The drivers will have to slow going into Turn 6, then make a sharp entrance into a tight left-handed Turn 7 in what is essentially a 180-degree turn onto the banked oval. The final chicane also has a sharper apex for the drivers to navigate at Turn 16.
“The reconfigure was designed to create more chaos. You’re going to have to convince me otherwise of that,” said Denny Hamlin. “They made corners sharper and tighter. They want you to drive straight in the corner, I believe, and wipe out whoever is in front of you, and then it’s going to be a parking lot in Turn 7. Then it’s just going to be who can navigate and get through there.
“There’s a blind spot when you go through 5 to 6, you go over a rise and your car gets really high. In the (simulator) it gets airborne. It probably won’t in real life, but we get to experience this new Roval config and I don’t know what else to say about it other than try to qualify and try to avoid the wrecks. That’s about it.”
Said title contender Alex Bowman: “Turn 6 is like 100% blind. You can’t see it until you’re there, which is pretty interesting. And Turn 7 is like making a U-turn on a one-way street, so it’s going to be chaos, for sure.”
Is that fair for the drivers, who must quickly learn a new layout while their title chances are on the line?
“It’s the same for everybody,” said reigning Cup champion Ryan Blaney. “It’s going to be different for everyone and it will just be who can adapt to it the quickest. I’ve done some (simulator) work. We’ll see where it goes.”
Cup qualifying
Shane Van Gisbergen completed a Saturday qualifying sweep by winning the pole for both the Xfinity Series and Cup Series races.
Van Gisbergen is racing for the Xfinity Series title but will run his 10th Cup Series race of the season Sunday when he competes on the hybrid road course/oval at Charlotte Motor Speedway.
The New Zealander is not one of the 12 drivers trying to advance in the Cup Series championship race.
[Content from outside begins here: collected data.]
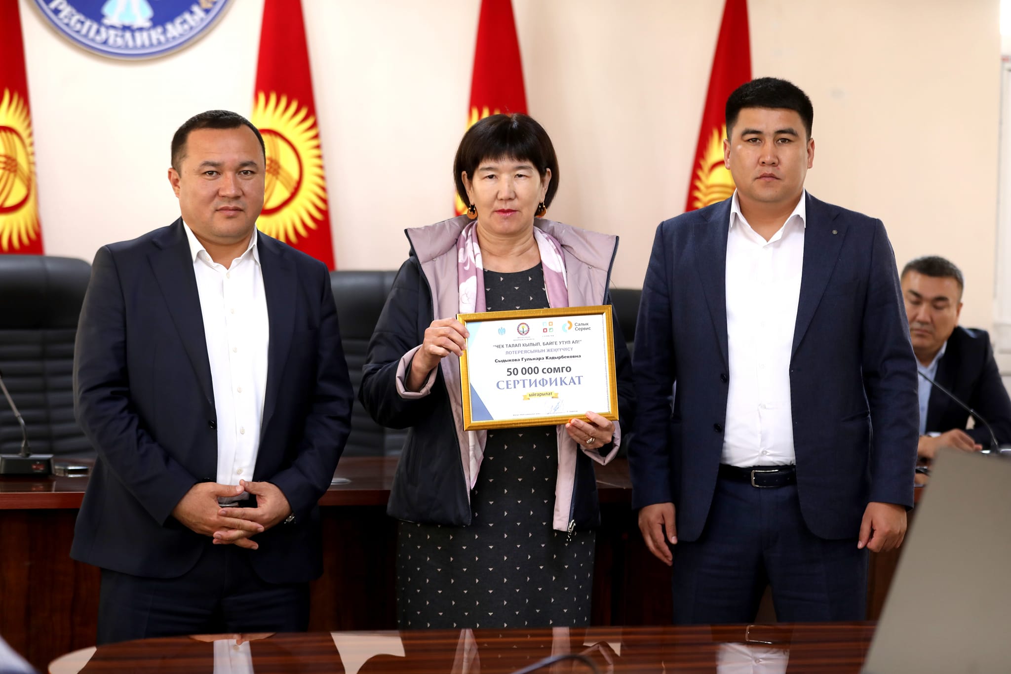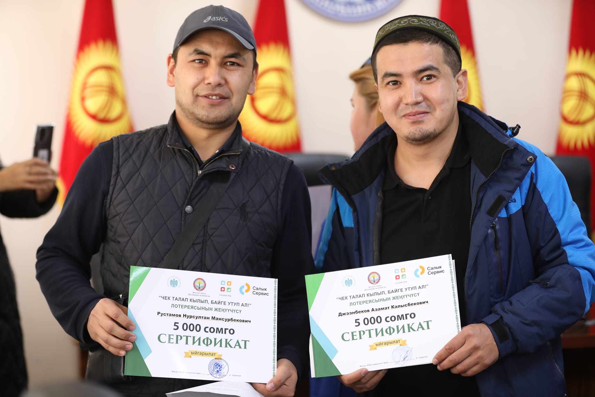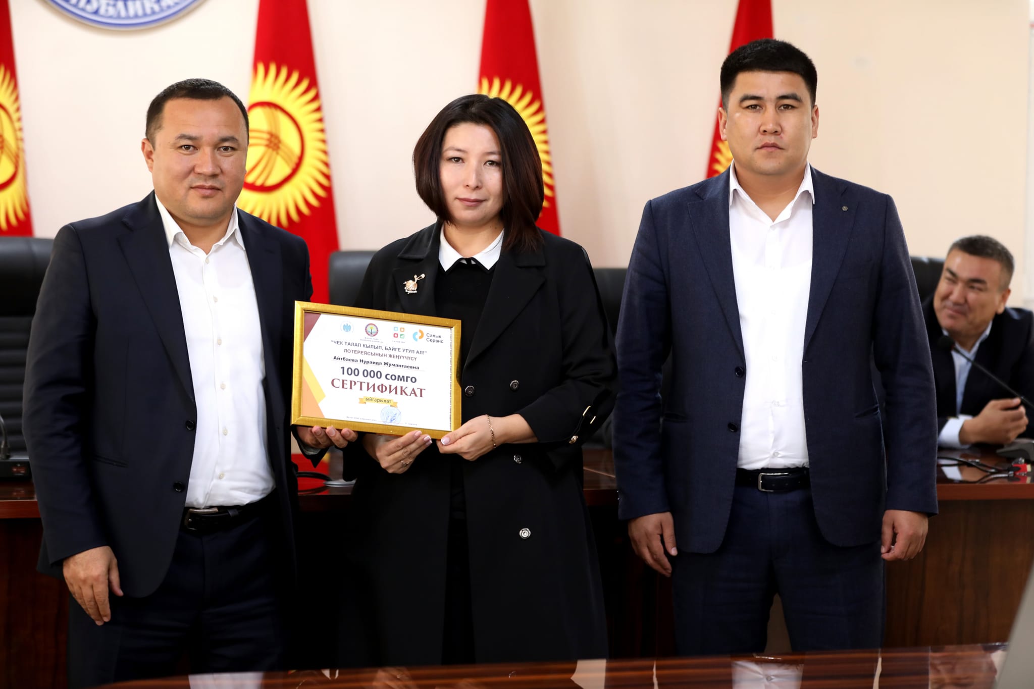 Жалал-Абадда “Чек талап кылып, байге утуп ал!” лотереясынын жеңүүчүлөрүнө сертификаттар тапшырылды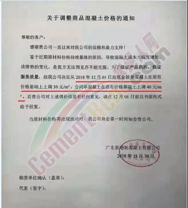 日前,广东新港兴混凝土有限公司发布了《关于调整商品混凝土价格的通知》通知称鉴于近期原材料价格持续暴涨的原因,导致混凝土成本大幅增加。该情势的变化,是企业无法预见亦不能克服的。为了保证产品供应,保证服务质量。公司决定从12月1日起现金散单混凝土在原有价格基础上上调30元/立方米,合同单混凝土在原有价格基础上上调40元/立方米。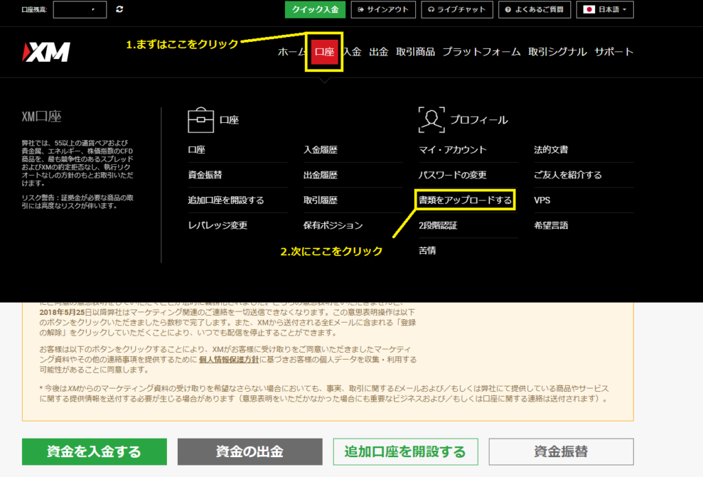 以上が、XMの口座開設時に、

But he beat all the contenders in a Chevrolet for Kaulig Racing to take the top starting spot for Sunday’s playoff elimination race.
Tyler Reddick, the regular season champion and a title contender, qualified second in a Toyota for 23XI Racing. AJ Allmendinger, who is the reigning winner of The Roval Cup race and a perfect 4 for 4 at the track in the Xfinity Series, qualified third for Kaulig.
Allmendinger is also not racing for the Cup Series title, but he is in the Xfinity Series playoffs. That race was scheduled for later Saturday.
Joey Logano, who is below the elimination cut line headed into Sunday’s race, qualified fourth in a Ford for Team Penske. The field of 12 will be cut by four drivers Sunday and Logano, teammate Austin Cindric, Daniel Suarez and Chase Briscoe are all facing elimination.
Cindric qualified fifth in a Ford. He was followed by Hendrick Motorsports teammates Kyle Larson and Chase Elliott in Chevrolets, then Brad Keselowski in an RFK Ford and Bubba Wallace in a 23XI Toyota. Keselowski was eliminated from the playoffs in the first round and Wallace didn’t make the field.
William Byron, the only playoff driver of the 12 already locked into the round of eight, qualified 10th for Hendrick.
Christopher Bell, in a Toyota for Joe Gibbs Racing, will start 12th and lock himself into the next playoff round once he takes the green flag. Suarez was 13th in a Chevrolet, reigning Cup Series champion Ryan Blaney was 14th in a Ford, Alex Bowman was 17th in a Chevrolet and Denny Hamlin was 18th in a Toyota.
Briscoe at 25th was the lowest-qualifying playoff driver.